What is expected: Print the entries exactly; skip the pictures.

Task data:
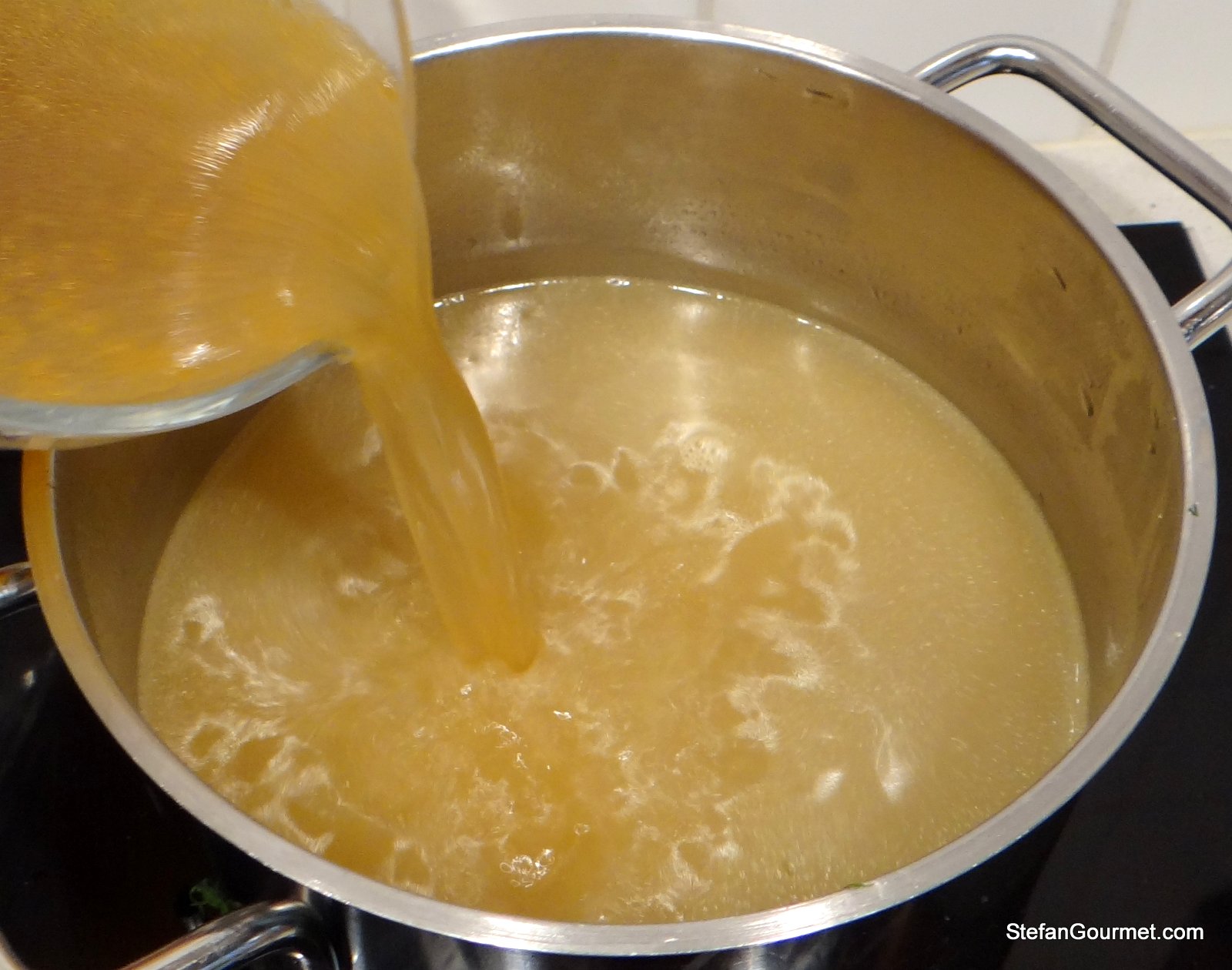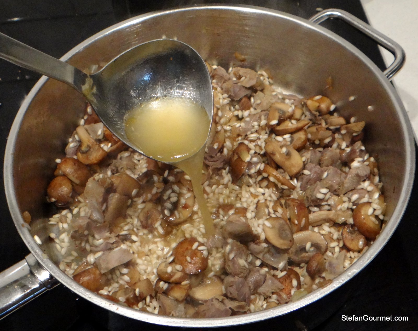 You will have about 400 ml (1 2/3 cup) of gizzard stock. Add chicken stock to obtain about 700 ml (3 cups) of stock to use for the risotto. Keep the stock hot.
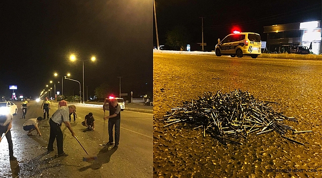 Kahramanmaraş Adana yolu üzerinde yola dökülen çiviler tehlike saçtı. Yola nasıl ve kim tarafından döküldüğü bilinmeyen çiviler görevlilerce toplandı.
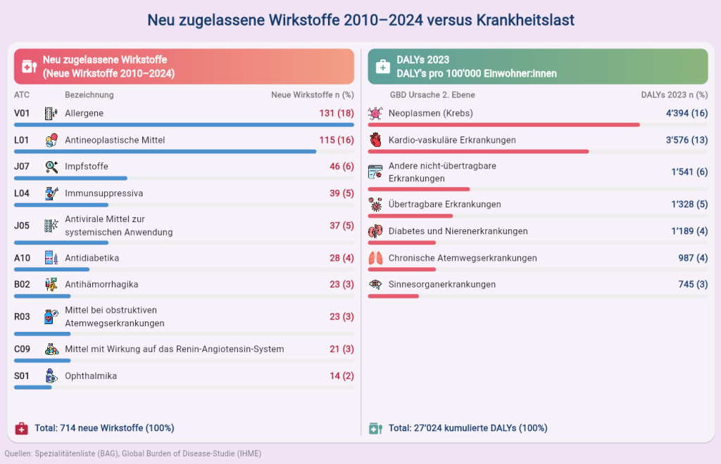 Abbildung 2: Vergleich der zehn grössten neuen Wirkstoffgruppen (2010–2024) mit der Krankheitslast (DALYs pro 100‘000 Einwohner:innen) in der Schweiz im Jahr 2023 (Quelle: Spezialitätenliste (BAG), Global Burden of Disease-Studie (IHME)).
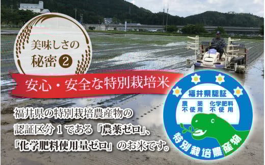 特別栽培米は、節減対象農薬の使用回数、化学肥料の窒素成分量を通常の栽培に比べて50%以下に減らして栽培されたお米です。その中でも、まちづくり株式会社ZENコネクトからお送りするお米は、「農薬ゼロ」「化学肥料使用量ゼロ」である福井県農産物認証区分「1」に認定されました!
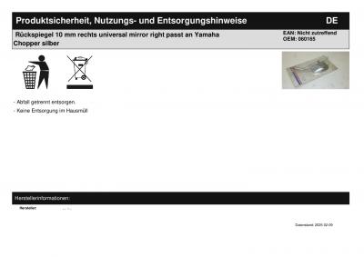 | Titel: | Rückspiegel 10 mm rechts universal mirror right passt an Yamaha Chopper silber |
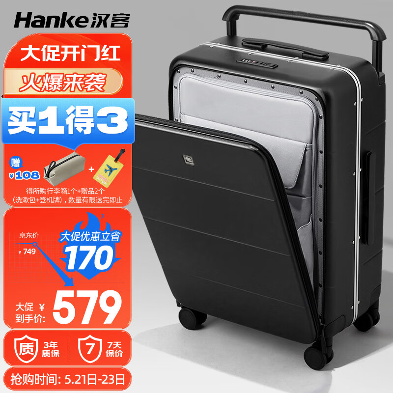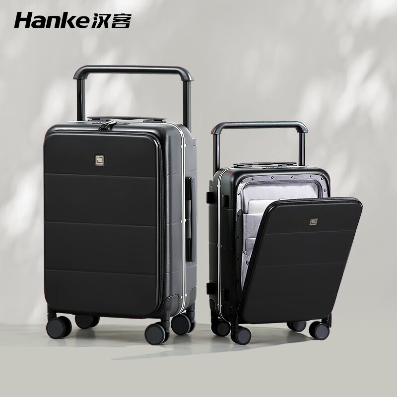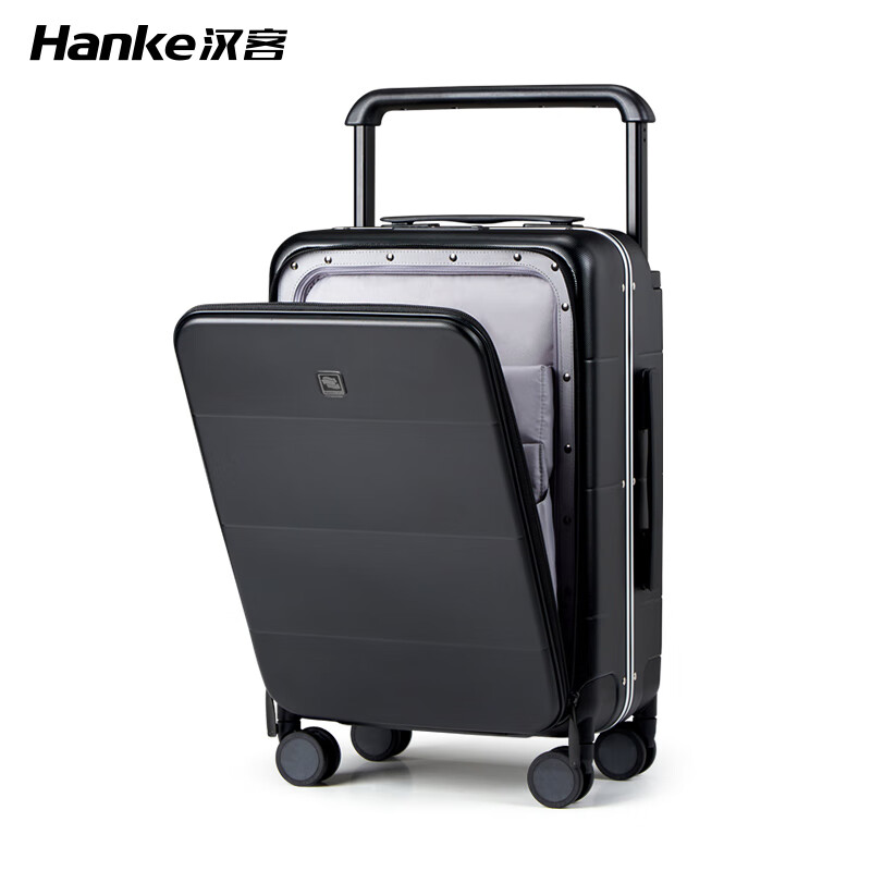 汉客宽拉杆行李箱铝框男前开盖拉杆箱旅行箱大容量24英寸墨玉黑密码箱价格:749.00元!
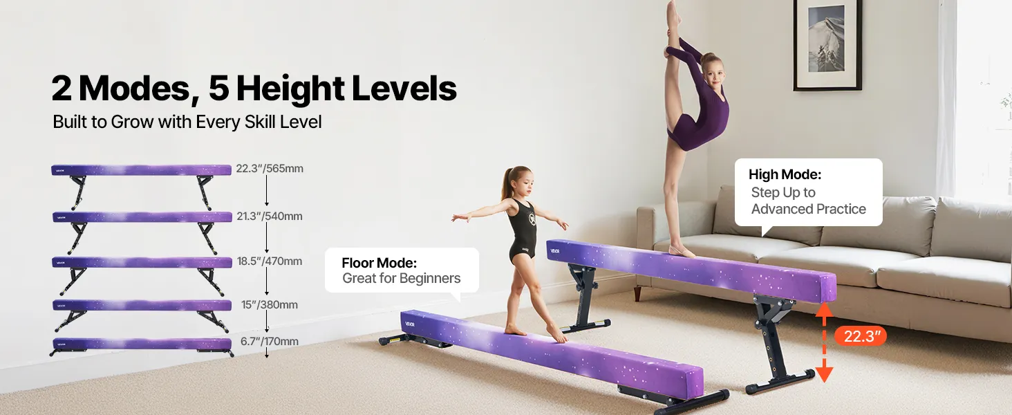 5 poziomów wysokości i 2 tryby: Ta regulowana równoważnia o długości 94,9 cala (241 cm) oferuje dwa tryby treningowe: tryb podłogowy dla początkujących i tryb podwyższony dla zaawansowanych. Wysokość można regulować w zakresie od 6,7 cala do 15 / 18,5 / 21,3 / 22,3 cala (170 / 380 / 470 / 540 / 565 mm).

Task result:
 You will have about 400 ml (1 2/3 cup) of gizzard stock. Add chicken stock to obtain about 700 ml (3 cups) of stock to use for the risotto. Keep the stock hot.
 Kahramanmaraş Adana yolu üzerinde yola dökülen çiviler tehlike saçtı. Yola nasıl ve kim tarafından döküldüğü bilinmeyen çiviler görevlilerce toplandı.
 Abbildung 2: Vergleich der zehn grössten neuen Wirkstoffgruppen (2010–2024) mit der Krankheitslast (DALYs pro 100‘000 Einwohner:innen) in der Schweiz im Jahr 2023 (Quelle: Spezialitätenliste (BAG), Global Burden of Disease-Studie (IHME)).
 特別栽培米は、節減対象農薬の使用回数、化学肥料の窒素成分量を通常の栽培に比べて50%以下に減らして栽培されたお米です。その中でも、まちづくり株式会社ZENコネクトからお送りするお米は、「農薬ゼロ」「化学肥料使用量ゼロ」である福井県農産物認証区分「1」に認定されました!
 | Titel: | Rückspiegel 10 mm rechts universal mirror right passt an Yamaha Chopper silber |
 汉客宽拉杆行李箱铝框男前开盖拉杆箱旅行箱大容量24英寸墨玉黑密码箱价格:749.00元!
 5 poziomów wysokości i 2 tryby: Ta regulowana równoważnia o długości 94,9 cala (241 cm) oferuje dwa tryby treningowe: tryb podłogowy dla początkujących i tryb podwyższony dla zaawansowanych. Wysokość można regulować w zakresie od 6,7 cala do 15 / 18,5 / 21,3 / 22,3 cala (170 / 380 / 470 / 540 / 565 mm).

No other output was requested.